* **Task to complete**: Within the listing below, give again exactly the lines between the one containing "HOT ! LEATHER" and the one containing "安徽鸿宇路桥工程有限公司成立", inclusive, pictures left aside.

* **Material shown**:
-=-=-=-=-

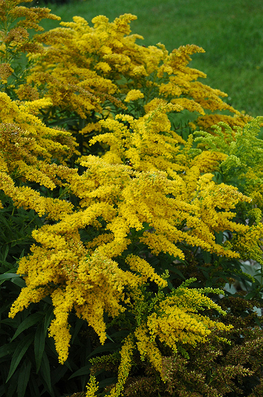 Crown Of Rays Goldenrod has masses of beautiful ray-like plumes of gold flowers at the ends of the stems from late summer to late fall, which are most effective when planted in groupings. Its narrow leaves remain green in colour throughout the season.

-=-=-=-=-

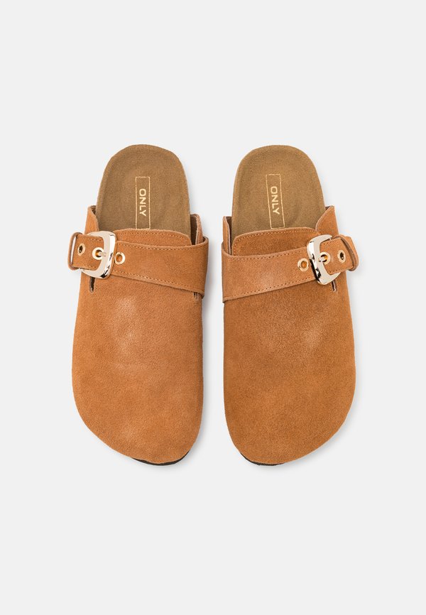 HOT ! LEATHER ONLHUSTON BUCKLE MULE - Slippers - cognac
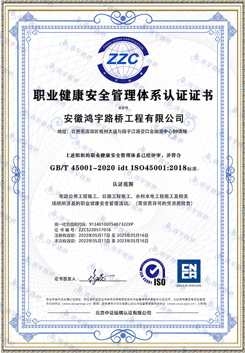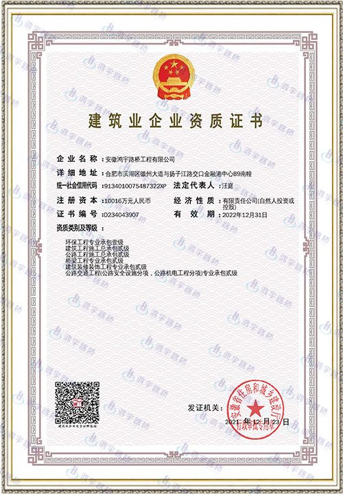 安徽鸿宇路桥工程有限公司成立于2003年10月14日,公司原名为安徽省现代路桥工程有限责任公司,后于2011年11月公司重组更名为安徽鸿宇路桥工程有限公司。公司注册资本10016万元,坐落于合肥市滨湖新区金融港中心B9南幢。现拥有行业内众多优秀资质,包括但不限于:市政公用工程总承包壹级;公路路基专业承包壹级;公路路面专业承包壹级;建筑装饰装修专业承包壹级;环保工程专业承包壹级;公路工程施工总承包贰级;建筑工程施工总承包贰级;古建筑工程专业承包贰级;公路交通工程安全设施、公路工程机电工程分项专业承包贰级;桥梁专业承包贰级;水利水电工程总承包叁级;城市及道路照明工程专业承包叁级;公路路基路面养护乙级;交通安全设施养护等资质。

-=-=-=-=-

* **Solution to this exercise**:
 HOT ! LEATHER ONLHUSTON BUCKLE MULE - Slippers - cognac
 安徽鸿宇路桥工程有限公司成立于2003年10月14日,公司原名为安徽省现代路桥工程有限责任公司,后于2011年11月公司重组更名为安徽鸿宇路桥工程有限公司。公司注册资本10016万元,坐落于合肥市滨湖新区金融港中心B9南幢。现拥有行业内众多优秀资质,包括但不限于:市政公用工程总承包壹级;公路路基专业承包壹级;公路路面专业承包壹级;建筑装饰装修专业承包壹级;环保工程专业承包壹级;公路工程施工总承包贰级;建筑工程施工总承包贰级;古建筑工程专业承包贰级;公路交通工程安全设施、公路工程机电工程分项专业承包贰级;桥梁专业承包贰级;水利水电工程总承包叁级;城市及道路照明工程专业承包叁级;公路路基路面养护乙级;交通安全设施养护等资质。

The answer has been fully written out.